So, it's my fault about diskd. =)

But aufs still doesn't work at all! I.e. aufs works under 9.2-RELEASE, but crashes under 10.0-RELEASE.


----------



## xtaz (Feb 2, 2014)

I can confirm what you've found. I used www/squid33 for years with aufs and then there were some changes made to the port to allow it to be compiled with `clang` on FreeBSD 10. It just crashes with signal 11 when you try and run things like `squid -z`. I never actually got around to reporting it though. Probably worth sending in a problem report.


----------



## Mox (Feb 5, 2014)

xtaz said:
			
		

> I can confirm what you've found. I used www/squid33 for years with aufs and then there were some changes made to the port to allow it to be compiled with `clang` on FreeBSD 10. It just crashes with signal 11 when you try and run things like `squid -z`. I never actually got around to reporting it though. Probably worth sending in a problem report.

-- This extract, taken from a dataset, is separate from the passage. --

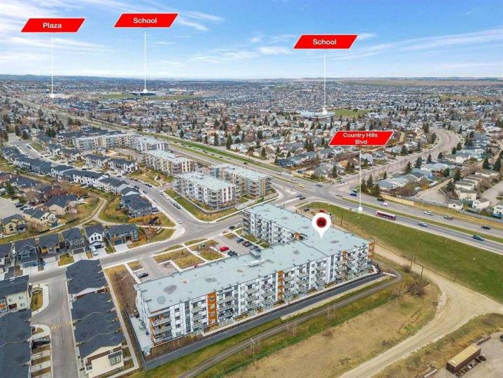 Modern, Private and Spacious (Builder measurement is 904 sqft) | Move-in Ready Welcome to this brand-new listing in the desirable community of Harvest Hills, Calgary! This spacious 2-bedroom, 2-bathroom apartment offers a perfect blend of comfort and modern style, featuring 9’ ceilings, LVP flooring, Low-E triple-glazed windows, electric baseboard heating, a BBQ gas line on the balcony, titled underground parking, and much more. As you enter, you’ll immediately appreciate the open-concept layout showcasing a stunning kitchenwith quartz countertops, stainless steel appliances, ample cabinetry, an elegant backsplash, a corner pantry, and a central breakfast island. The kitchen flows seamlessly into the dining area and a bright living room overlooking the green space. Both bedrooms are generously sized, including a primary suite with a walk-in closet and a private ensuite featuring a standing shower. The second bedroom is conveniently located next to the main full bathroom. You’ll also enjoy the convenience of in-unit laundry with extra storage space. Step out onto your large, private balcony — the perfect spot for morning coffee or evening relaxation. The unit also includes AC rough-in, offering peace of mind for future installation. Located in a vibrant community filled with amenities, you’ll have access to tennis courts, nearby schools, parks, shopping at Coventry Hills Centre, VIVO Recreation Centre, grocery stores, restaurants, cafés, Home Depot, Superstore, Cineplex, TNT Supermarket, and the North Pointe Bus Terminal. All this and just under 10 minutes to Calgary International Airport and minutes from Deerfoot and Stoney Trail. Don’t miss your chance to call this beautiful apartment home — book your showing today and be sure to check out the virtual tour!

Thank you! What's better: write a PR or write to freebsd-stable?


----------



## SirDice (Feb 5, 2014)

Mox said:
			
		

> What's better: write a PR or write to freebsd-stable?


It won't hurt to do both. You can refer to the PR in the email to the mailing list. The PR is mainly there to keep track of bugs and fixes. The mailing lists are usually used for discussions on how to fix them.


----------



## xtaz (Feb 7, 2014)

Although freebsd-ports is probably better than freebsd-stable for that. I'll definitely be interested in a fix for this. But I unfortunately never reported it at the time because I don't actually use squid very often so forgot about it until I read this thread. Thanks!


----------



## Mox (Feb 7, 2014)

Thank you! I wrote to freebsd-ports@


----------